Pendant cette invocation, les Turcs assistants chantent Hou, hou, hou, s’inclinant à trois reprises, puis se relèvent de même à trois reprises, en chantant Hou, hou, hou, et continuant alternativement pendant toute l’invocation du Mufti.

Après que l’invocation est finie, les Derviches ôtent l’Alcoran de dessus le dos du Bourgeois, qui crie Ouf, parce qu’il est las d’avoir été longtemps en cette posture, puis ils se relèvent.

Le Mufti s’adressant au Bourgeois.
Ti non star furba ?

Les Turcs
No, no, no.

Le Mufti
Non star forfanta ?

Les Turcs
No, no, no.

Le Mufti aux Turcs.
Donar turbanta. Donar turbanta.
Et s’en va.

Les Turcs répètent tout ce que dit le Mufti, et donnent en dansant et en chantant, le turban au Bourgeois.

Le Mufti revient et donne le sabre au Bourgeois.
Ti star nobile, non star fabola.
Pigliar schiabola.

Puis il se retire.

Les Turcs répètent les mêmes mots, mettant tous le sabre à la main ; et six d’entre eux dansent autour du Bourgeois auquel ils feignent de donner plusieurs coups de sabre.

Le Mufti revient, et commande aux Turcs de bâtonner le Bourgeois, et chante ces paroles.
Dara, dara, bastonara, bastonara, bastonara.

Puis il se retire.

Les Turcs répètent les mêmes paroles, et donnent au Bourgeois plusieurs coups de bâton en cadence.

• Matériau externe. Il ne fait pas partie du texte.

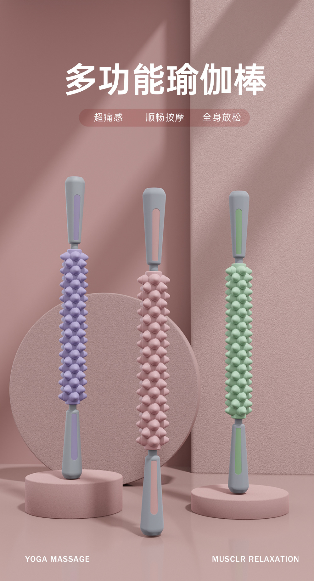 【肌肉放松神器🔥】滚走酸痛,告别水肿!瑜伽按摩狼牙棒,按摩滚轴 小腿肌肉放松神器 滚轮擀大腿琅琊棒,腿部线条管理必备💪薄荷绿/暮光粉/木槿紫,全新配色颜值爆表✨

Le Mufti revient et chante.
Non tener honta :
Questa star l’ultima affronta.

Les Turcs répètent les mêmes vers.

Le Mufti, au son de tous les instruments, recommence une invocation, appuyé sur ses Derviches : après toutes les fatigues de cette cérémonie, les Derviches le soutiennent par-dessous les bras avec respect, et tous les Turcs sautant dansant et chantant autour du Mufti, se retirent au son de plusieurs instruments à la turque.